Houseman EA, Christensen BC, Yeh RF, Marsit CJ, Karagas MR, Wrensch M, Nelson HH, Wiemels J, Zheng S, Wiencke JK, Kelsey KT - BMC Bioinformatics (2008)

Bottom Line: Arrays are now being used to study DNA methylation at a large number of loci; for example, the Illumina GoldenGate platform assesses DNA methylation at 1505 loci associated with over 800 cancer-related genes.We demonstrate our method on the normal tissue samples and show that the clusters are associated with tissue type as well as age.Our proposed recursively-partitioned mixture model is an effective and computationally efficient method for clustering DNA methylation data.

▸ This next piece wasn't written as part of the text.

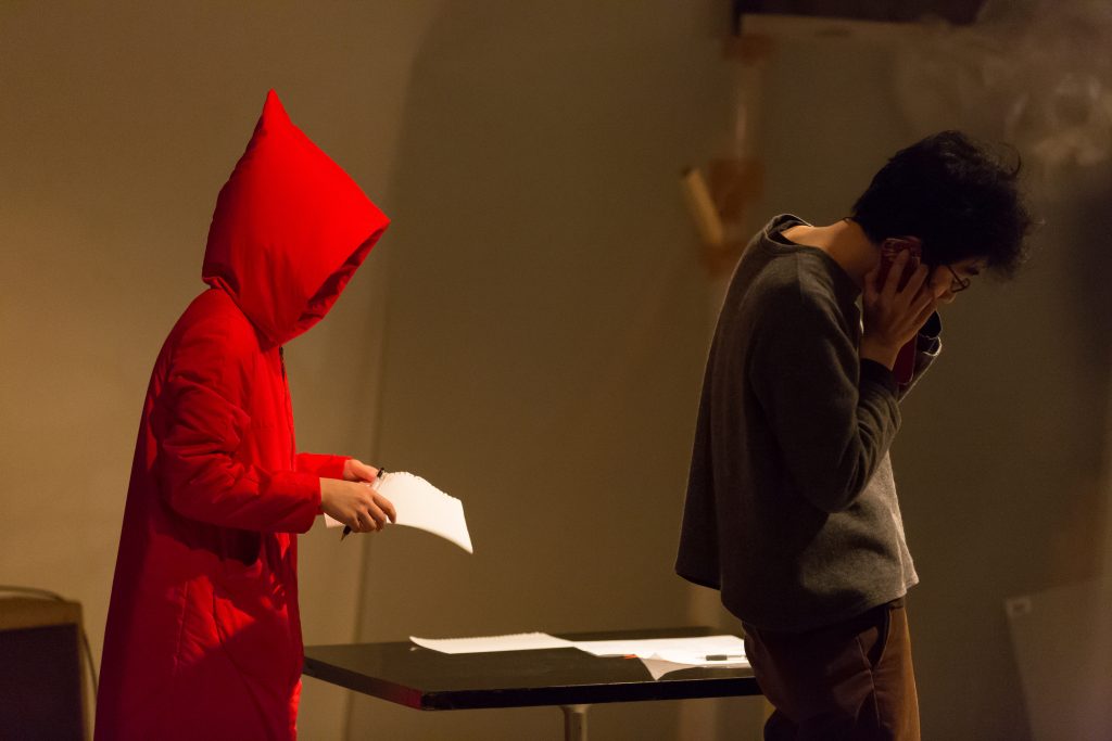 客席左後方には、茶色いパーカーのフードを被り、長い前髪で顔を隠したホラー映画的人物がいる。ホラー的人物は時々携帯電話で指示を呟く。「眉間にしわを寄せたまま笑ってください」。すると左前方に投影された青白い映像の中の男が指示に従う。
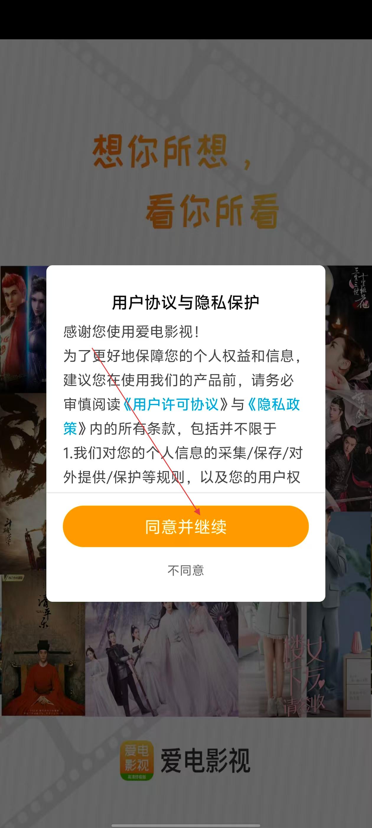 1、打开爱电影视APP后,会弹出“用户协议与隐私保护”提示框,点击【同意并继续】,进入APP主界面。

View Article: PubMed Central - HTML - PubMed

Affiliation: Department of Biostatistics, Harvard School of Public Health, Boston, Massachusetts, 02115, USA. ahousema@hsph.harvard.edu

ABSTRACT

Background: Epigenetics is the study of heritable changes in gene function that cannot be explained by changes in DNA sequence. One of the most commonly studied epigenetic alterations is cytosine methylation, which is a well recognized mechanism of epigenetic gene silencing and often occurs at tumor suppressor gene loci in human cancer. Arrays are now being used to study DNA methylation at a large number of loci; for example, the Illumina GoldenGate platform assesses DNA methylation at 1505 loci associated with over 800 cancer-related genes. Model-based cluster analysis is often used to identify DNA methylation subgroups in data, but it is unclear how to cluster DNA methylation data from arrays in a scalable and reliable manner.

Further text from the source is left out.